One example is the case of Gaudio Estate v. Gaudio, decided in 2005, in which the deceased husband designated his wife as the beneficiary of his group RRSP and group life insurance policy while they were married. On October 15, 2004, the husband and the wife entered into a separation agreement which purported to settle all claims between them. In the separation agreement, the wife contracted out of her entitlement to a share of the husband’s estate. The husband then unexpectedly died on January 10, 2005.
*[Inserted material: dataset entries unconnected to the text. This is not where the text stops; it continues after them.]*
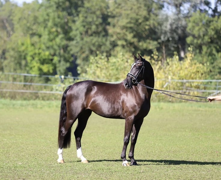 Wiwi ist eine 9-jährige schwarze Schönheit von Pacelli W x Walt Disney I. Die Stute ist ca. 163 cm groß, deckt aber sehr gut ab. Sie ist nicht für Reitanfänger und/oder schwächere Reiter geeignet. Sie möchte schon geritten werden und benötigt Sicherheit und Konsequenz "von oben". Bisher wurde sie eher dressurmäßig geritten und befindet sich aktuell auf A-Niveau. Im Umgang ist sie ein unkompliziertes Pferd. Sie kennt sowohl Offenstall, als auch (Paddock) Boxenhaltung. Ich verkaufe sie aufgrund von Zeitmangel schweren Herzens und suche für sie ein 5* Zuhause mit Familienanschluss. Sollte euch meine schwarze Schönheit ansprechen, sende ich gerne weitere Infos und Videos per WhatsApp. Video auf Anfrage.
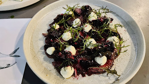 The entrées were definitely the highlight, each served in sharing portions perfect for two. The sardine fillet was a rare treat—paired with sour onion and grapes, it brought a refreshing balance of flavors I usually only associate with kingfish. The kangaroo carpaccio was another standout; though kangaroo can be fibrous, slicing it thinly made it work beautifully, and the horseradish added a clean, sharp finish.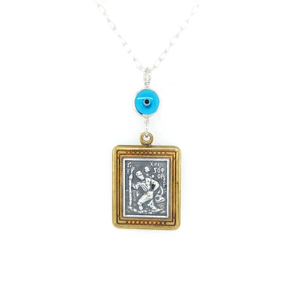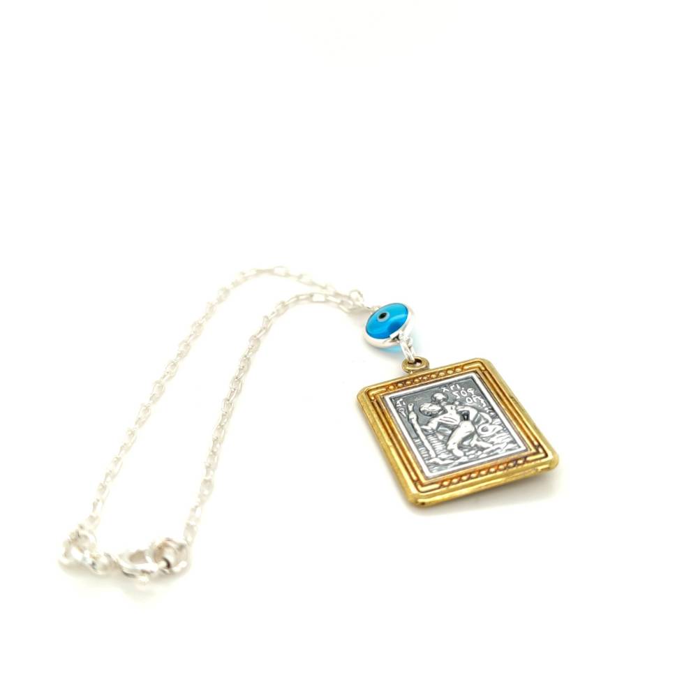 Φυλαχτό Αυτοκινήτου ασήμι (925°) διπλής όψεως Άγιος Χριστόφορος – Παναγία και μάτι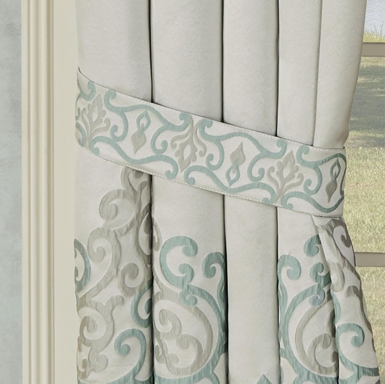 The Avalon Window Treatment showcases radiant beauty. This luxurious, lined polyester window components feature jacquard-woven scroll designs in silver-gray and spa on oyster. Each Ascot Valance has embroidered scrolls and a 3.5 inch long tassel accent. The tailored, wide curtains have scrolls at the bottom and include tiebacks. The Avalon Collection brings high-end elegance to your windows, perfect for traditional home decor. Tailored valance is 72"Wx18"L; wide curtain pair is 100 inches wide x 84 inches long. Curtains and tailored valances have 3 inch rod pockets. Dry clean. Imported.
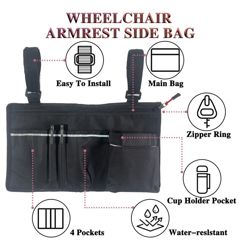 - ✅[Durable and lightweight] Double seam at the seam of the side wheelchair bag to strengthen the stress point. Made of heavy-duty nylon, this armrest organizer wheelchair is durable and can withstand years of daily use. To clean, simply wipe the waterproof nylon with a damp cloth.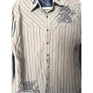 Olive green long sleeve striped button up top with snap closures, embroidered dragon/snake accent at front, back and collar.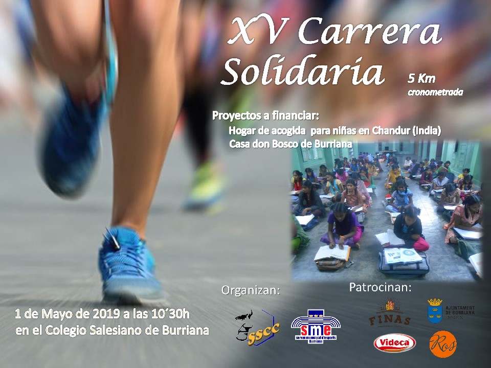 DONATIVO INSCRIPCIÓN: Será de 7 euros, y se podrá realizar desde el lunes 15 al miércoles 17, y el martes 30 de Abril de 2019. Las aportaciones a la carrera irán destinadas, en su totalidad, a colaborar económicamente en mejorar la salud de las niñas del hogar de acogida María NIketan en Chadur (India) y con la casa de acogida Don Bosco de Burriana.

The husband’s family commenced a court proceeding to obtain a declaration that the wife was not entitled to the deceased husband’s RRSP or life insurance proceeds. They argued the separation agreement should be interpreted to revoke or release the wife’s rights as the designated beneficiary of the husband’s policies. The Court disagreed. In the absence of any evidence that the husband had intended to change the beneficiary of these policies, the Court determined that the provisions of the separation agreement were insufficient to waive or revoke the wife’s entitlements. Since the husband had not changed the beneficiary designations on his policies, the Court characterized this as a choice, and found the wife was entitled to the proceeds.
In some cases, the Court has found that unambiguous evidence of an intention to revoke or change a beneficiary designation for a retirement plan or life insurance policy is enough to effect a revocation of a beneficiary designation to an ex-spouse. In many cases, however, such an intention will not be documented.
People have freedom to make or not make a Will. They are also free to make or not make a beneficiary designation. When they separate or divorce, but fail to update all aspects of their estate plan, this can have unfortunate and unintended consequences for their estate and their beneficiaries. With the proliferation of Will substitutes, such as life insurance, registered plans, pensions and TFSAs, not to mention the often very significant value of such plans and policies, it is simply not sufficient to just update your Will. But with good professional estate planning advice, these problems and ensuing litigation can frequently be avoided.